The Role of Thermal Power Plant in the Modern Power Generation Scenario.

The development of thermal power plant in any country depends upon the available resources in that country. The hydro-power plant totally depends on the natural availability of the site and the hydrological cycle. The new sites cannot be created manually for hydropower plants.

Thermal power plant

The development of nuclear power requires high investment and technology. In many tinies, the hydro-power plant suffers if a drought comes even once during a decade and the complete progress of the nation stops. The calamity of rain drought on the power industry has been experienced in many states in the country.

To overcome this difficulty, it is necessary to develop thermal power plants in the country which are very suitable for baseload plants. The coal resources in India account for about 5.7% of the proven reserves in the world.

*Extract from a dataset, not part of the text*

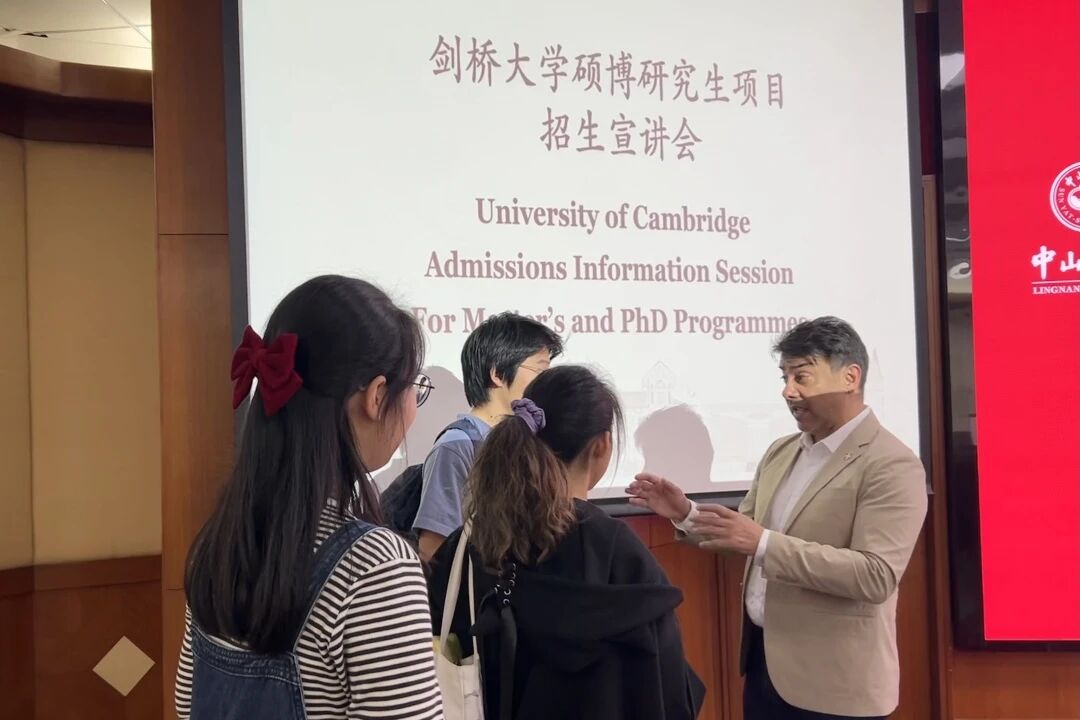 Dr. Pérez系统讲解了剑桥大学的招生政策和申请流程。他建议同学们要善用剑桥官方网站的课程目录,通过精准的关键词搜索找到最适合自己的研究项目,并提醒大家注意区分奖学金申请与项目申请的不同截止时间。针对申请文书的准备,他特别指出,个人陈述应当聚焦学术兴趣和研究潜力,避免空泛的表述;研究计划则需要清晰展现课题的创新性、可行性和个人特色。
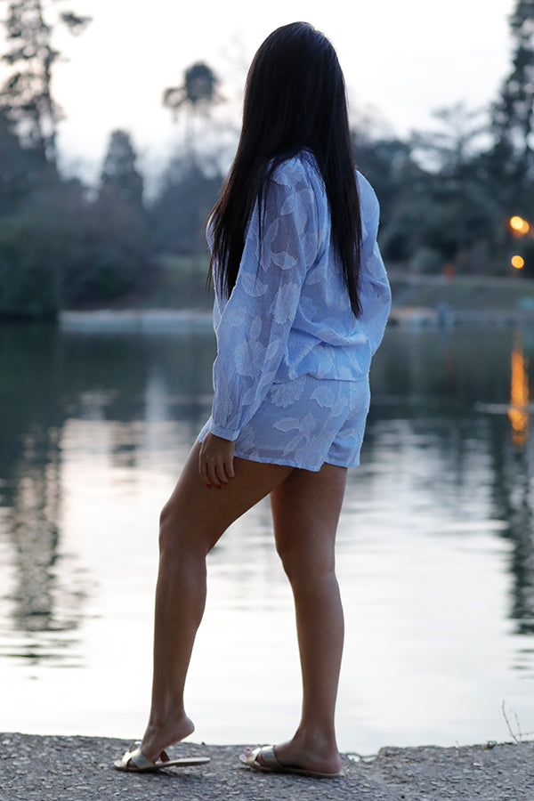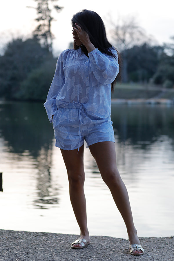 Cet ensemble 100% coton comprend une blouse et un short imprimé bleu et blanc pour un look frais et élégant. Fabriqué avec des matériaux de qualité, cet ensemble offre un confort et un style parfaits pour l'été. Parfait pour une journée ensoleillée, ce look vous fera vous sentir confiant et tendance !

The geological reserves of coal in India are 193.8 billion tonnes. The thermal power sector contributes nearly about 66% of installed capacity in India.

The coal production in the country is increasing at the rate of 4.6% every year and new plants are set up in many parts of the country to increase the power production to meet the demand to increase the per capita income of the country.

Due to increased power generation –

  1. The country’s income can be increased.
  2. The standard of living can be increased.
  3. Reducing the unemployment
  4. Development in all sectors.
  5. Development in new technology.
  6. The GDP of the country can be increased.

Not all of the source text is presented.